Each of these law suits is based on a different set of legal issues: Microsoft's allegedly monopolistic practices with respect to its Web browser on one hand, and the company's alleged breach of its Java license on the other. Both cases have reasonable legal arguments and supporters on both sides of the fence. The legal arguments will likely be brandished back and forth in the courts in a minutia-oriented manner that is common for attorneys - battling over the meaning of a preposition here or a comma there, while largely ignoring the underlying intent of agreements in both cases. Some might suggest that the central issue in both of these cases is whether Microsoft should be allowed to own yet another segment of the computer industry, this time the Web.

The action brought by the DOJ asserts, in essence, that Microsoft crossed the line between being fiercely competitive and abusively monopolistic when it tied the installation of its Windows 95 operating system to its browser, Internet Explorer.
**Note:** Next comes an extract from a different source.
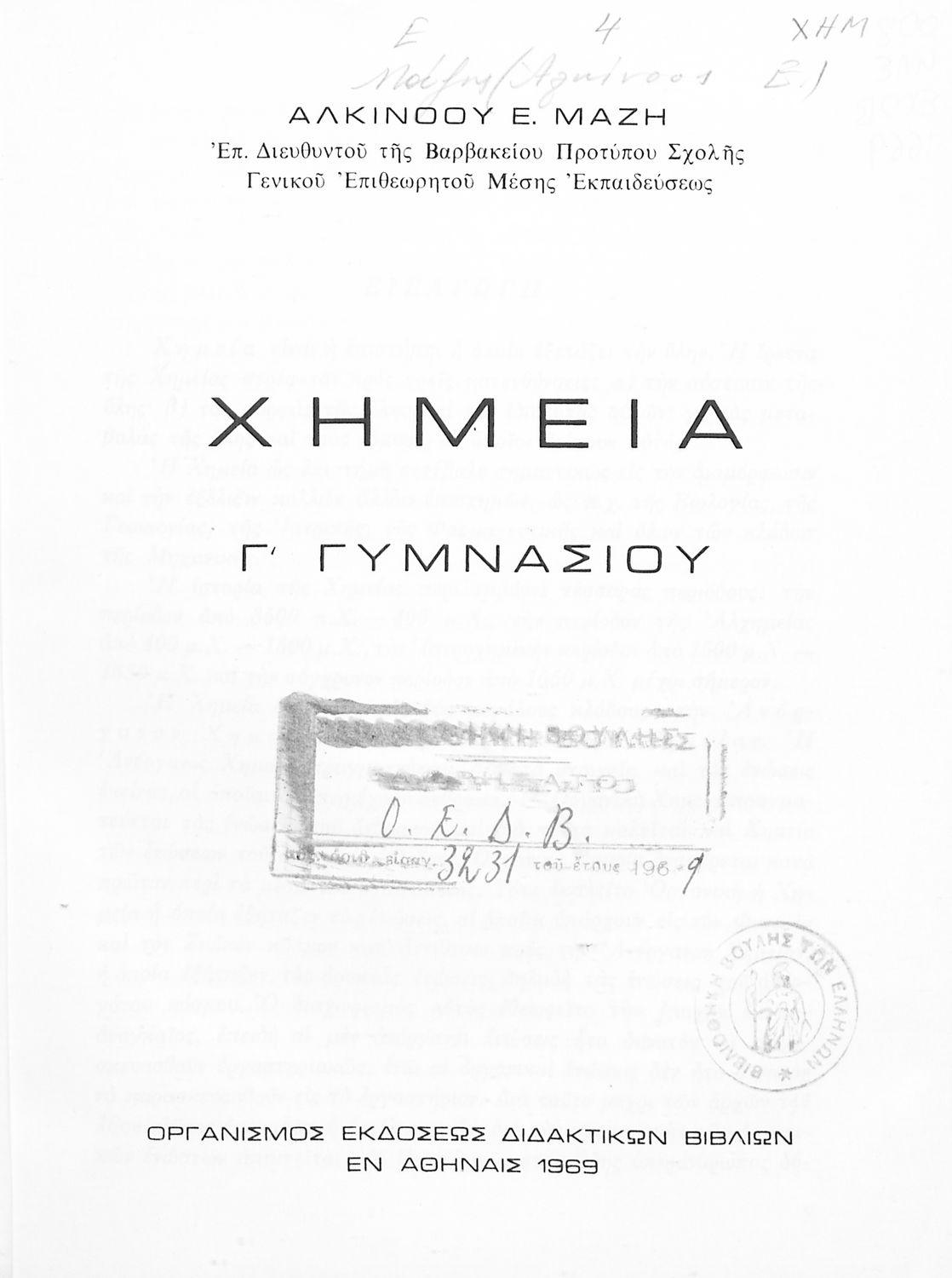Τίτλος: Χημεία. Γ' Γυμνασίου

Sun, meanwhile, argues that Microsoft violated its Java license by not including key portions of the language that would keep the Java platform open and compatible with applications written in non-Microsoft implementations of the language. Again, there are reasonable pro and con arguments in both of these cases - letter-of-the-law arguments the settlement of which the courts were designed for. In both instances, however, there is also an issue of underlying intent. There is also a growing sentiment that Microsoft is twisting the definition of its intent to its own purpose, and doing so with considerable arrogance. The perception of Microsoft's attitude was artfully expressed in a satyrical cartoon by Mike Luckovich of the Atlanta Constitution. The cartoon depicts a Titanic-sized luxury liner labeled "Microsoft" approaching an iceberg labeled "U.S. Govt." The caption: "Crew, Captain Gates. We're approaching an iceberg. On three, drop pants and moon it ..."

While the target of the Luckovich cartoon is obvious, there is also a lesson there for the rest of us, CEOs and system administrators alike. People around the world tolerate, or even admire, the strong personalities of individuals with conviction, and there is more than one strong personality in the computer industry. The appearance of self-serving arrogance, however, is another matter. Should we, as system administrators, care which browser visitors to our Web sites use? No. Should we tune our systems so that only browsers resident on open, standards-based UNIX clients can access our sites? Similarly, no. To do so, while consistent with the precise definition of the advocacy of openness, would be arrogant, unproductive, and counter to the intent of open standards.